After this first recognition, more cases throughout the world came to be described that had similar features. Eventually, in 1957, two English doctors, Nevin and McMenemey, were able to identify particular features of the illness that sufferers had in common.

Creutzfeldt-Jakob disease (CJD) occurs worldwide, from Chile to Japan, and from Australia to the United States. There is approximately one new case per two million people per year. The most common age of onset is over the age of 55, but it appears to be rare over the age of 80.

CJD can affect more than one member of a family but this is rare. In these instances, the family are usually already aware that the disease has occurred in a relative.

Individuals affected by CJD usually succumb within 6 months of the onset of the disease, often through pneumonia. In only 10% of cases does the disease run a more prolonged course of 2-5 years, and in these cases, the first years may only involve loss of memory and some difficulty with complex tasks.

The exact time of onset of the illness can be very difficult to determine. Often at first there are subtle lapses in memory for day-to-day events, although sometimes mood changes, in particular, loss of interest and withdrawal from involvement in social activities are apparent. Decline in ability at work for tasks that were previously simple is often noted. At this point, the illness may be passed off by friends, relatives, and doctors as mild depression. However, within a few weeks other features can quickly appear: a vague unsteadiness and hesitancy in walking, deteriorating vision, slight slurring and slowing of speech, and difficulties in holding everyday conversation. There is usually a rapid downhill course, with the development of incontinence of urine, jerky movements, shakiness, stiffness of limbs, and the loss of the ability to move or speak.

Mercifully, only in the very early stages are the patients aware of anything amiss, and usually complain of clumsiness, feeling muddled or blurring of eyesight. As the disease progresses they lose awareness of their surroundings and of their disabilities. Some of the agitation that may be seen is a reflex phenomenon rather than true distress, this is particularly the case in regards to the shakiness.
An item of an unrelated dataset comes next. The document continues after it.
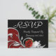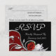 Red, black, and silver response card with menu selections.
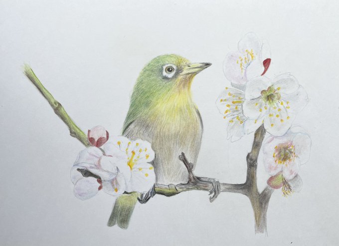 「桜の季節」 #イラスト #さくら #メジロ #Adobeフレスコ #Frescoイラコン #桜 #春 「The Season of Cherry Blossoms」 #illustration #CherryBlossom #Spring #AdobeFresco #bird #whiteeye

As already mentioned, many of the initial symptoms can be confused with a depressive illness, but the telling feature is usually the rapidity with which other signs appear. It must be emphasised that only in very rare instances does the presence of mild forgetfulness and vague unsteadiness herald the development of CJD.

Sadly, there is no known cure or treatment that can halt the progress of the disease. However there are many drugs which can be used to make the last weeks and months easier for the sufferer.